Uniqueness of each content type is determined by it's unit key. A unit key is
a combination of content attributes. The following combinations of attributes
represents the unit key for some of the content type supported by Pulp.

**DRPM**:

- epoch
- version
- release
- filename
- checksumtype
- checksum

**RPM, SRPM**:

- name
- epoch
- version
- release
- arch
- checksumtype
- checksum

**ISO**:

- name
- checksum
- size

**Python package**:

- filename

**Puppet module**:

- author
- name
- version

**OSTree branch**:

- remote_id
- branch
- commit

**Docker Blob, Manifest, ManifestList**:

- digest

**Docker Image**:

- image_id

**Docker Tag**:

- name
- repo_id
- schema_version
- manifest_type

**Debian Package**:

- name
- version
- architecture
- checksumtype
- checksum

**What happens when a source repository changes the checksum type that is
published in the repository?**

Since the checksum is one of the attributes used to determine uniqueness, Pulp
assumes that a package published with a sha256 checksum is different from a
package published with a sha512 checksum.
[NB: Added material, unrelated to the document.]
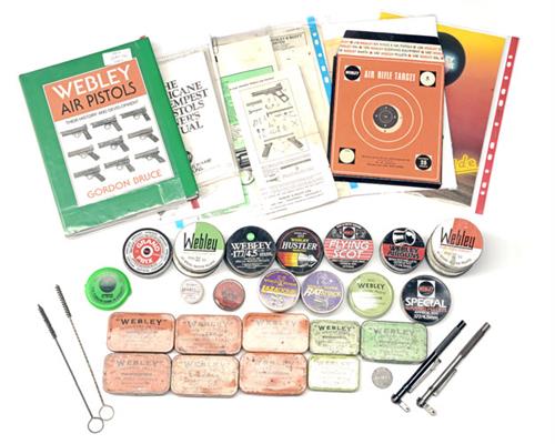 spanning the 1930's to the present day and including six '500' size orange rectangular tins for WEBLEY .22 SPECIAL PELLETS, a similar tin in pale green for '1000 WEBLEY .177 SPECIAL PELLETS', two smaller examples of '500' size, a scarce round tin in pale green for the same pellets, an assortment of later tins including brand-names 'FLYING SCOT', 'LAZADOME', 'LAZAPELL', 'LAZAPOINT', 'WAISTED', 'HUSTLER' and 'GRAND PRIX', an unopened box of targets circa 1970, two cleaning brushes, two .22 barrels probably from Premier models and a copy of Gordon Bruce's book 'WEBLEY AIR PISTOLS', together with some photocopied and original parts lists, adverts etc. (qty)

As a result, if a source repository
switches the type of checksum it publishes, Pulp will treat all the packages
in that repository as new. This can result in duplicate content being stored
in Pulp.

**How Pulp keeps track of units that belong to a particular repository?**

Each repository is stored as a document in the ``repos`` MongoDB collection.
Each content type is stored in a collection with a prefix of ``units_``.
Relationships between content and repositories are stored in the
``repo_content_units`` collection.

**How symlinks are generated during a repository publish?**

Pulp deduplicate content when possible. As a result, all content units are
stored in one place. Published content is actually a symlink to a content unit
stored elsewhere on disk. When publishing a repository, Pulp uses the
relationships stored in the ``repo_content_units`` for a particular repository
to determine which symlinks need to be published.